Plant Operation

Pilgrim / Entergy Blames Financial Factors For Closure

By David Dalton
4 June 2019

Entergy Blames Financial Factors For Closure
The Pilgrim nuclear power station has been permanently shut down. Photo NRC/Flickr.
Entergy Corporation has said the decision to permanently shut down its Pilgrim-1 nuclear power plant in Massachusetts was a result of “a number of financial factors” including low wholesale energy prices.

The Pilgrim plant was shut down for the last time at 5:28 pm local time on 30 May. The company said more than 50 Pilgrim employees have accepted offers to continue with Entergy in other locations.

Entergy’s remaining operating nuclear power plants in merchant power markets – Indian Point-2 and -3 in New York, and Palisades in Michigan – are scheduled to be shut down in 2020, 2021, and 2022 respectively.
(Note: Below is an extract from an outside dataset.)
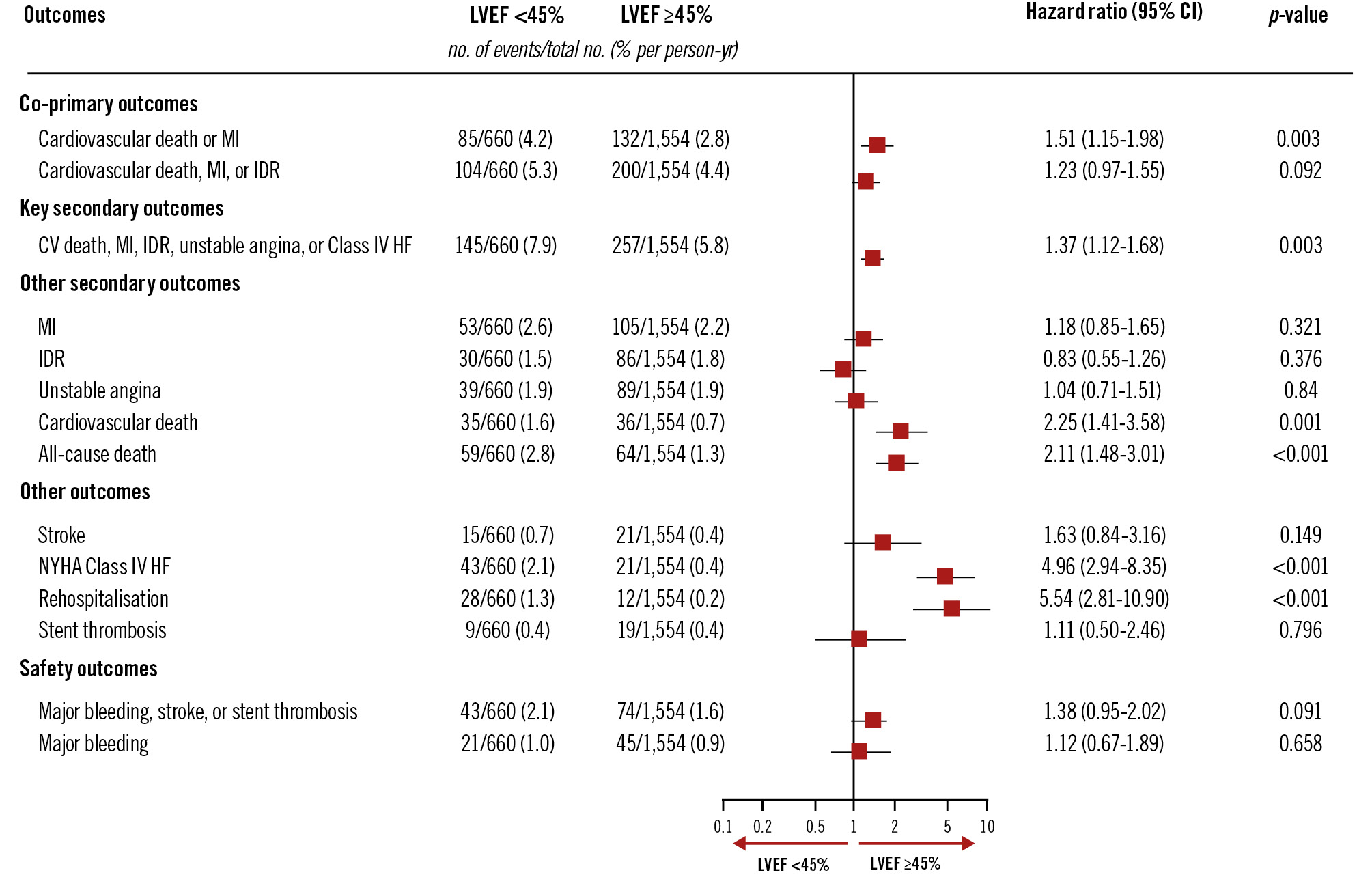 Figure 1. Analysis of the effect of LV function category on clinical outcomes. Clinical outcomes according to baseline LVEF category (LVEF <45% vs ≥45%). Patients with LVEF <45% had a higher incidence of CV death or new MI (4.2%/year vs 2.8%/year; p=0.003), as well as higher rates of NYHA Class IV heart failure and rehospitalisation. This highlights the greater risk among those with reduced LVEF. CI: confidence interval; CV: cardiovascular; HF: heart failure; IDR: ischaemia-driven revascularisation; LVEF: left ventricular ejection fraction; MI: myocardial infarction; NYHA: New York Heart Association

Their closures will mark the end of Entergy’s participation in merchant power markets and its return to a pure-play utility, the company said.

Merchant power plants are a form of non-utility or independent power generation designed for competitive wholesale power marketplaces. Unlike conventional independent power projects, merchant plants do not have upfront, long-term power purchase agreements to cover their output.

Entergy owns and operates five nuclear units in regulated markets: Ano-1 and -2 in Arkansas, Grand Gulf-1 in Mississippi, River Bend-1 and Waterford-3, both in Louisiana. Entergy said it remains committed to the continued operation these plants.

In August, Entergy announced the proposed sale of the subsidiary that owns Pilgrim to a Holtec International subsidiary, a decommissioning specialty company that plans to complete decommissioning at the site decades sooner than if Entergy continued to own the plant. Regulatory approval and closing of the transaction are scheduled for 2019.

Pilgrim-1 is a 677-MW boiling water reactor unit that began commercial operation in December 1972.